• _What the task requires_: All entries are to be reproduced exactly; the pictures are to be omitted.

• _Information_:
-=-=-
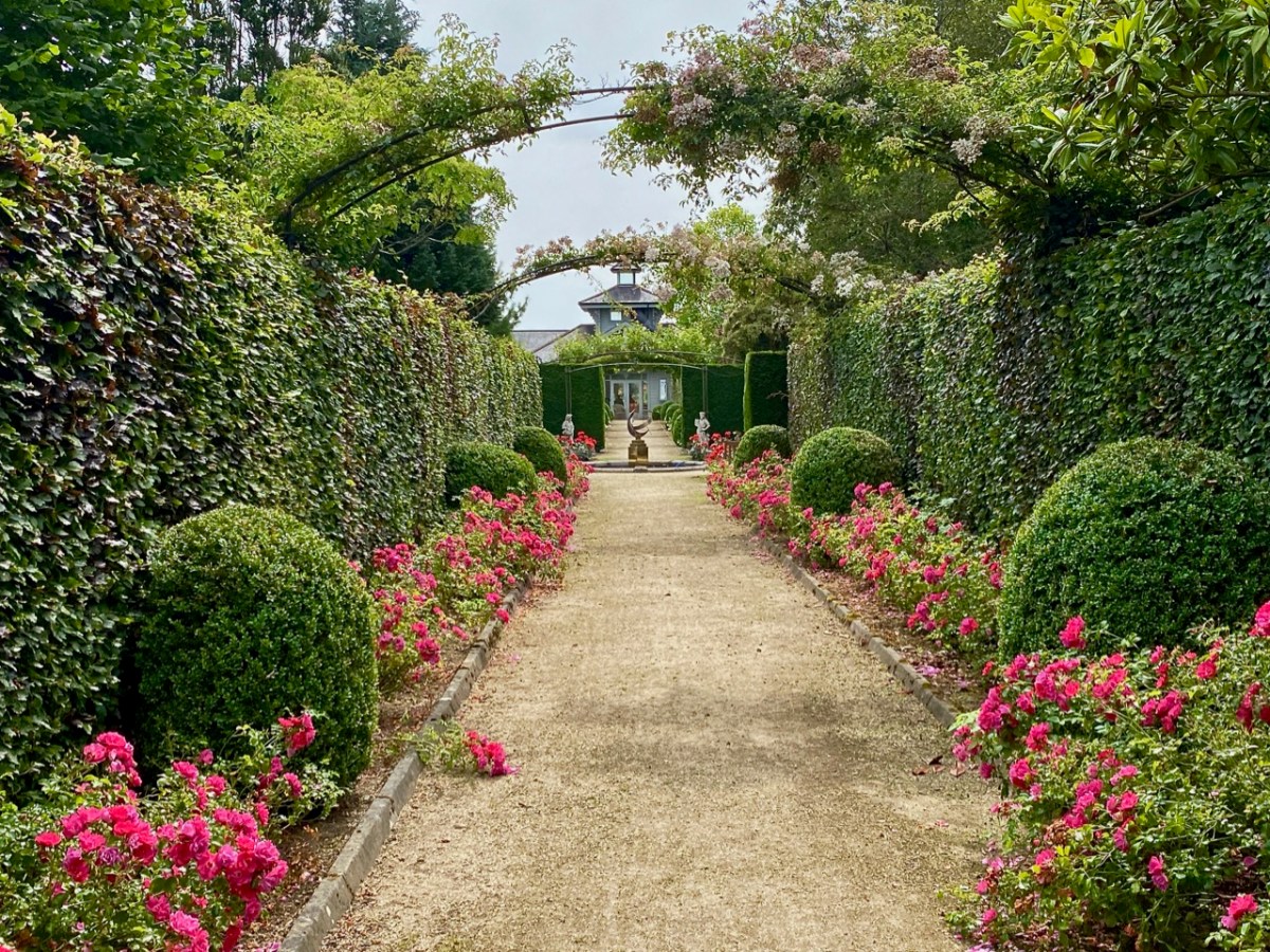 Wicklow is the Garden County of Ireland. Whenever we visit, we are impressed by the exuberance of the verdant landscapes and woodlands, and outstanding gardens abound. Do you remember our exploration of the Kilruddery Estate a few weeks ago? Here’s another venue well worth a visit: Kilquade Arboretum, formerly the ‘National Garden Exhibition Centre’. The modest 5.2 acre site is billed as the perfect escape from the stresses of everyday life – and rightly so. Not only can you wander through a collection of inspirational gardens, formal and informal, which were designed by a number of highly experienced horticulturists, but also you can eat and drink in superb outdoor dining settings: everything is well maintained and efficient. And – if you are a gardener yourself – there is a great shop to supply your every need!
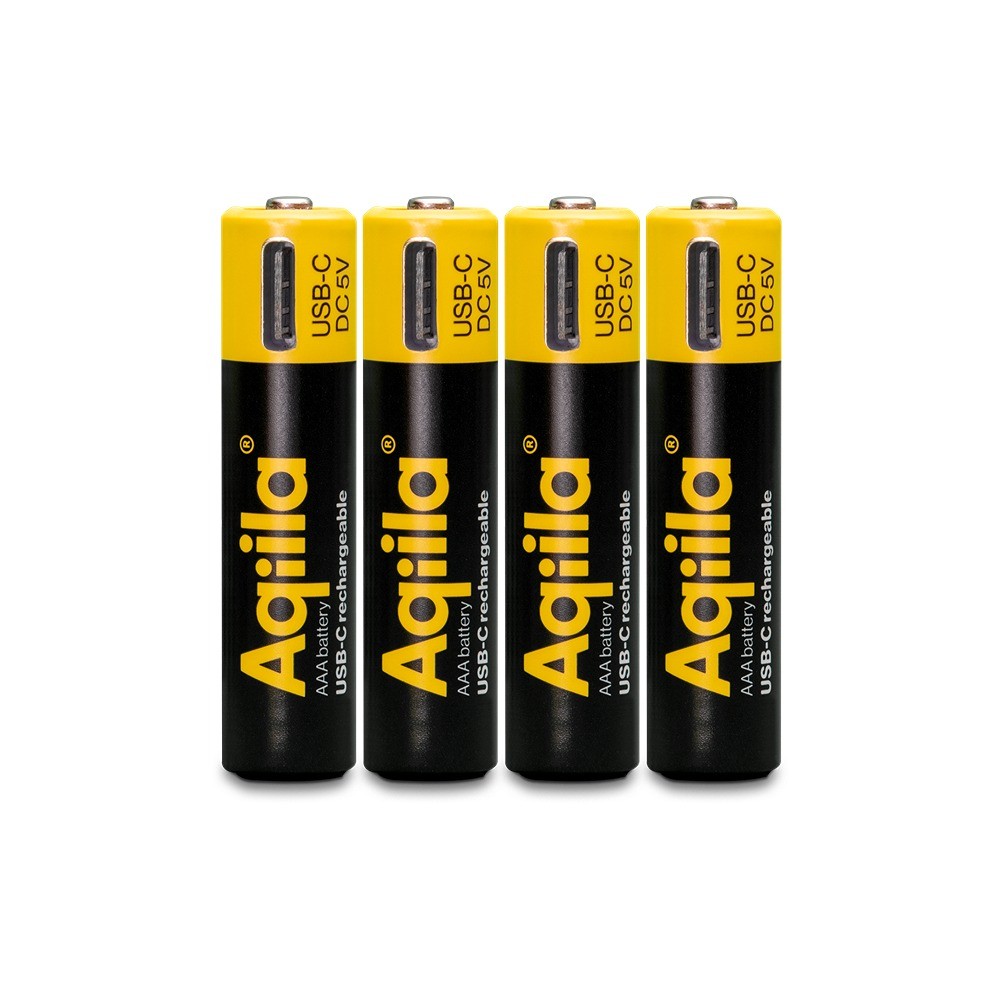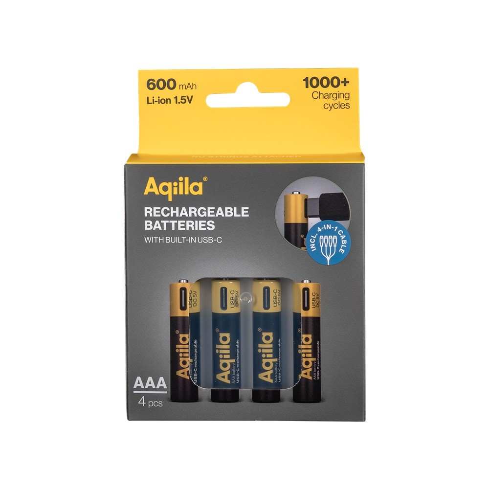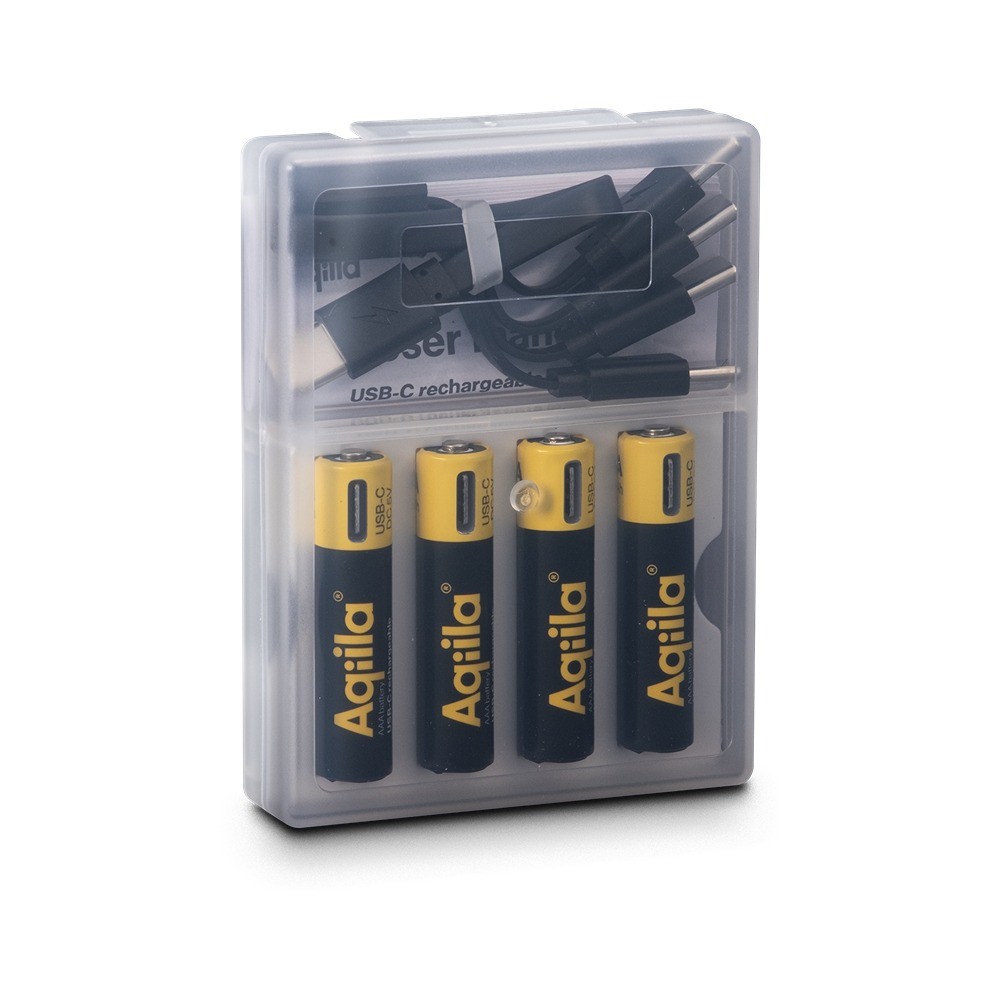 Til mindre enheder, der har brug for pålidelig energi, leverer Aqiila AAA genopladelige USB-C-batterier. Ægte 1,5 V output sikrer stabil ydelse, mens den indbyggede USB-C-port giver dig mulighed for at oplade batterierne direkte ingen separat oplader nødvendig. Hver pakke med fire batterier kommer med et 4-i-1 opladerkabel og en rejsetaske, perfekt til at smide i din rygsæk. Fuldt opladet på kun 1,5 timer og testet til over 1000 opladningscyklusser, de er den lette, altid klar løsning til strøm, når du er på farten.
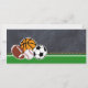 Celebre sua Festa de aniversário com nosso convite de aniversário desportivo Chalkboard All star. Design apresenta a ilustração de futebol, basquete, futebol americano, beisebol, rugby com "é hora de jogar, juntar-se a nós para comemorar" em texto de estilo divertido no fundo do quadro negro e um estilo de passagem de entrada de um estádio desportivo.
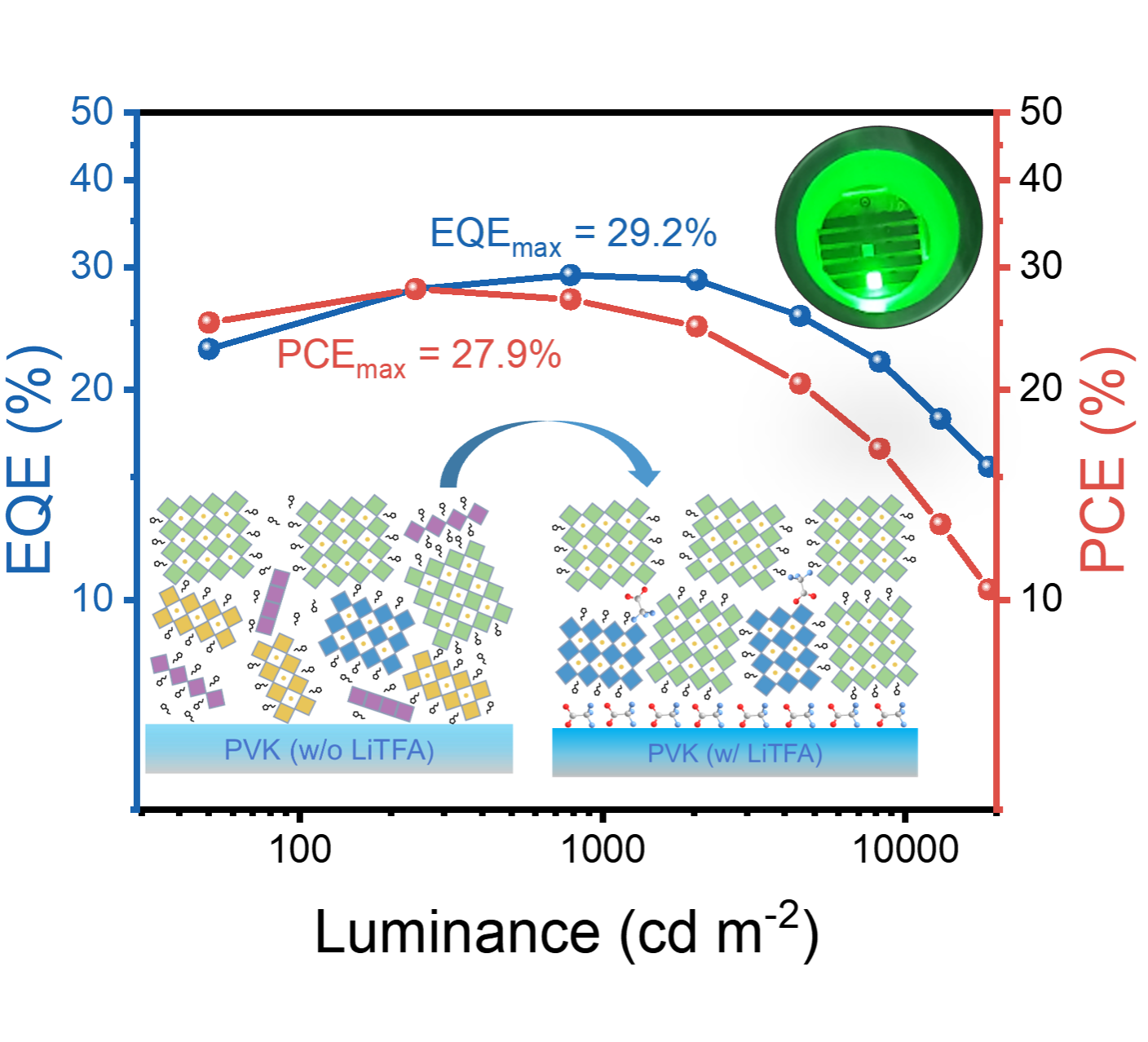 针对上述问题,华体会(中国)陈大钦教授研究团队创新性地将氟化小分子盐三氟乙酸锂(LiTFA)引入空穴传输层,利用其多重官能团的协同作用,调控钙钛矿的结晶过程。LiTFA不仅能作为成核中心促进三维钙钛矿相的生长,还通过氢键作用有效抑制低维相的形成,从而构建出更稳定的埋底界面结构。基于此策略优化后的PeLEDs实现了29.2%的外量子效率和27.9%的功率转换效率。更值得注意的是,在1000 cd m-2的初始亮度下,器件的T90寿命提升至726分钟。这一埋底界面工程策略被证明是同时提升PeLEDs效率和稳定性的关键所在,不仅适用于绿光器件,也在天蓝光PeLEDs中展现出良好的普适性,为开发高性能、长寿命的钙钛矿光电器件提供了重要借鉴。
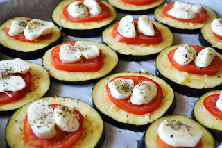 Vinetele se spala foarte bine si se feliaza in felii de grosimea unui deget. Rosiile se spala si ele si se feliaza (mai subtire decat vanata). Se amesteca ulei de masline cu cuturoi pisat, sare si piper. Se unge fiecvare felie de vanata cu acest amestec, se aseaza in tava de cuptor si deasupra se pune cate o felie de rosie, apoi mozzarella. Se presara putin cimbru si putin busuioc si se da tava la cuptor cca 20 de minute (pana cand vanata este moale si mozzarella topita si aurita pe deasupra).
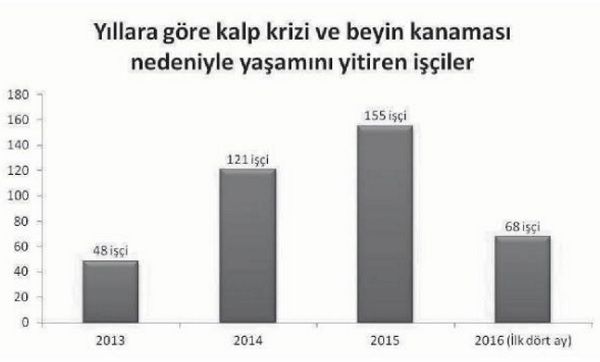 İSİG Meclisi, Türkiye’deki ağır çalışma koşulları ve bu koşulların işçi sağlığına etkileri üzerine çarpıcı bir rapor hazırladı. Raporda, "Türkiye’de haftalık çalışma saati ‘ortalama’ 50 saatin üzerinde. İzin hakları kullanılamıyor. Üç işçinin yapacağı iş bir işçiye yaptırılıyor. İşyerlerinde sağlık ekibi ve ambulans yok. Soma’daki maden işçilerinden mevsimlik tarım işçilerine kadar işçilerin başında ‘hadi hadi’ diyen dayıbaşları, çavuşlar, taşeronlar var. Bu süreç bugün kiralık işçilik, özel istihdam büroları, kıdem tazminatının kaldırılması, iş mahkemeleri kanununun değiştirilmesi gibi birçok saldırı ile derinleştiriliyor. İşte tam da bu noktada aşırı, yoğun ve fazla çalışma nedeniyle işçiler çalışırken aniden yaşamını yitiriyor" denildi.
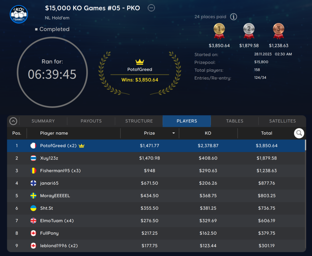 Das fünfte Event im Bunde war das $109 KO Games #05 – PKO, das nur ganz knapp, um $800, die Garantie von $15.000 knackte. Gewinner dieses Events war ‚PotofGreed‚ für insgesamt $3.850 ($2.378 Bounties).
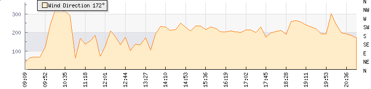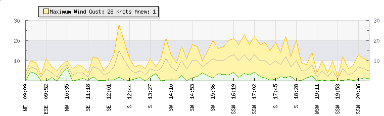 In the last few minutes the wind was South Westerly at an average speed of 11 knots, reaching up to 21 knots and a low of 0 knots. The gust strength is21 knots above the minimum speed |
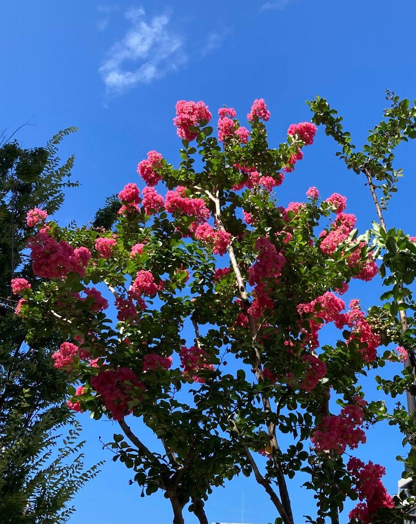 2023/08/02撮影。猛暑日で日差しが強い中、ピンクの百日紅がモコモコと花をつけています。お昼前のこの時間帯は、青空によく映えていました。午後からは、1時間ほど急に暗くなりゲリラ豪雨が通り過ぎて行きました。
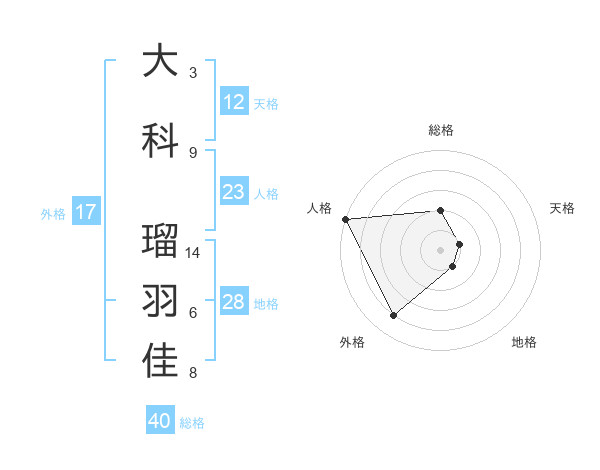大科 瑠羽佳さんを姓名の画数から五運を鑑定
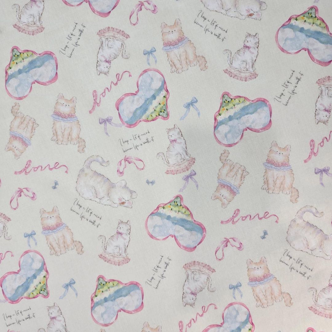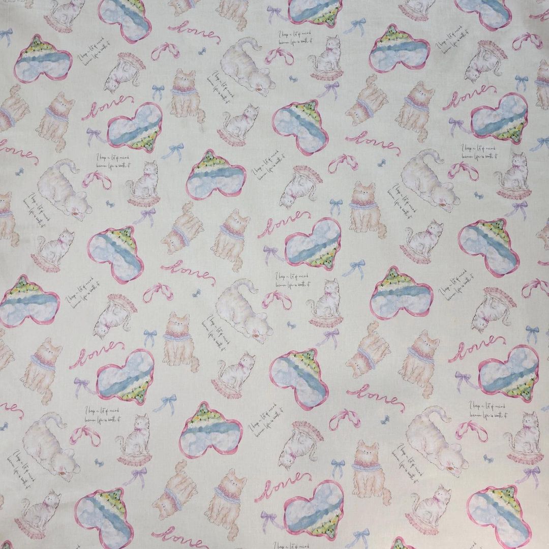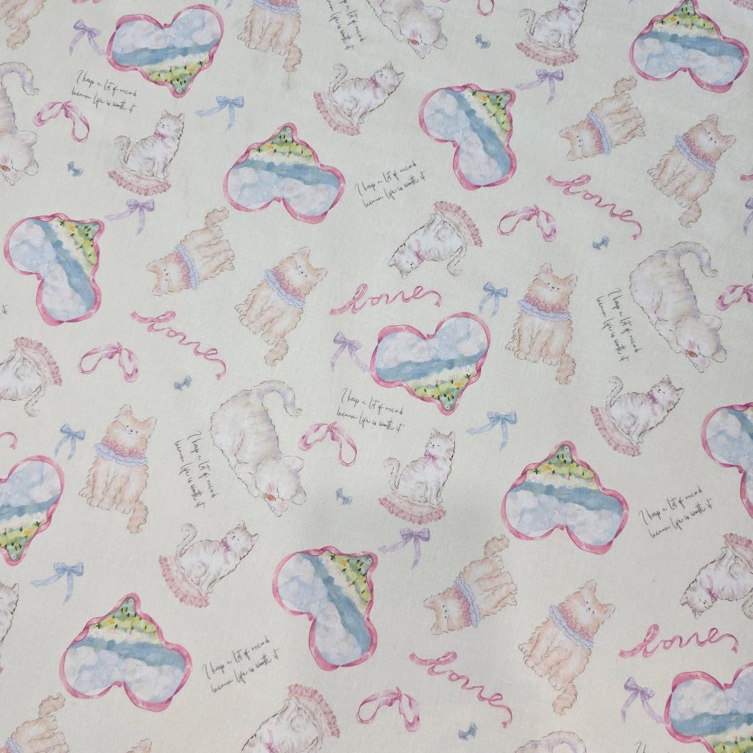 Ribbon Cat Kitten Patterned Fabric, Cute, Kids, Sewing, Quilt - Korean Fabric
-=-=-
• _Answer for the task_:
 Wicklow is the Garden County of Ireland. Whenever we visit, we are impressed by the exuberance of the verdant landscapes and woodlands, and outstanding gardens abound. Do you remember our exploration of the Kilruddery Estate a few weeks ago? Here’s another venue well worth a visit: Kilquade Arboretum, formerly the ‘National Garden Exhibition Centre’. The modest 5.2 acre site is billed as the perfect escape from the stresses of everyday life – and rightly so. Not only can you wander through a collection of inspirational gardens, formal and informal, which were designed by a number of highly experienced horticulturists, but also you can eat and drink in superb outdoor dining settings: everything is well maintained and efficient. And – if you are a gardener yourself – there is a great shop to supply your every need!
 Til mindre enheder, der har brug for pålidelig energi, leverer Aqiila AAA genopladelige USB-C-batterier. Ægte 1,5 V output sikrer stabil ydelse, mens den indbyggede USB-C-port giver dig mulighed for at oplade batterierne direkte ingen separat oplader nødvendig. Hver pakke med fire batterier kommer med et 4-i-1 opladerkabel og en rejsetaske, perfekt til at smide i din rygsæk. Fuldt opladet på kun 1,5 timer og testet til over 1000 opladningscyklusser, de er den lette, altid klar løsning til strøm, når du er på farten.
 Celebre sua Festa de aniversário com nosso convite de aniversário desportivo Chalkboard All star. Design apresenta a ilustração de futebol, basquete, futebol americano, beisebol, rugby com "é hora de jogar, juntar-se a nós para comemorar" em texto de estilo divertido no fundo do quadro negro e um estilo de passagem de entrada de um estádio desportivo.
 针对上述问题,华体会(中国)陈大钦教授研究团队创新性地将氟化小分子盐三氟乙酸锂(LiTFA)引入空穴传输层,利用其多重官能团的协同作用,调控钙钛矿的结晶过程。LiTFA不仅能作为成核中心促进三维钙钛矿相的生长,还通过氢键作用有效抑制低维相的形成,从而构建出更稳定的埋底界面结构。基于此策略优化后的PeLEDs实现了29.2%的外量子效率和27.9%的功率转换效率。更值得注意的是,在1000 cd m-2的初始亮度下,器件的T90寿命提升至726分钟。这一埋底界面工程策略被证明是同时提升PeLEDs效率和稳定性的关键所在,不仅适用于绿光器件,也在天蓝光PeLEDs中展现出良好的普适性,为开发高性能、长寿命的钙钛矿光电器件提供了重要借鉴。
 Vinetele se spala foarte bine si se feliaza in felii de grosimea unui deget. Rosiile se spala si ele si se feliaza (mai subtire decat vanata). Se amesteca ulei de masline cu cuturoi pisat, sare si piper. Se unge fiecvare felie de vanata cu acest amestec, se aseaza in tava de cuptor si deasupra se pune cate o felie de rosie, apoi mozzarella. Se presara putin cimbru si putin busuioc si se da tava la cuptor cca 20 de minute (pana cand vanata este moale si mozzarella topita si aurita pe deasupra).
 İSİG Meclisi, Türkiye’deki ağır çalışma koşulları ve bu koşulların işçi sağlığına etkileri üzerine çarpıcı bir rapor hazırladı. Raporda, "Türkiye’de haftalık çalışma saati ‘ortalama’ 50 saatin üzerinde. İzin hakları kullanılamıyor. Üç işçinin yapacağı iş bir işçiye yaptırılıyor. İşyerlerinde sağlık ekibi ve ambulans yok. Soma’daki maden işçilerinden mevsimlik tarım işçilerine kadar işçilerin başında ‘hadi hadi’ diyen dayıbaşları, çavuşlar, taşeronlar var. Bu süreç bugün kiralık işçilik, özel istihdam büroları, kıdem tazminatının kaldırılması, iş mahkemeleri kanununun değiştirilmesi gibi birçok saldırı ile derinleştiriliyor. İşte tam da bu noktada aşırı, yoğun ve fazla çalışma nedeniyle işçiler çalışırken aniden yaşamını yitiriyor" denildi.
 Das fünfte Event im Bunde war das $109 KO Games #05 – PKO, das nur ganz knapp, um $800, die Garantie von $15.000 knackte. Gewinner dieses Events war ‚PotofGreed‚ für insgesamt $3.850 ($2.378 Bounties).
 In the last few minutes the wind was South Westerly at an average speed of 11 knots, reaching up to 21 knots and a low of 0 knots. The gust strength is21 knots above the minimum speed |
 2023/08/02撮影。猛暑日で日差しが強い中、ピンクの百日紅がモコモコと花をつけています。お昼前のこの時間帯は、青空によく映えていました。午後からは、1時間ほど急に暗くなりゲリラ豪雨が通り過ぎて行きました。
大科 瑠羽佳さんを姓名の画数から五運を鑑定
 Ribbon Cat Kitten Patterned Fabric, Cute, Kids, Sewing, Quilt - Korean Fabric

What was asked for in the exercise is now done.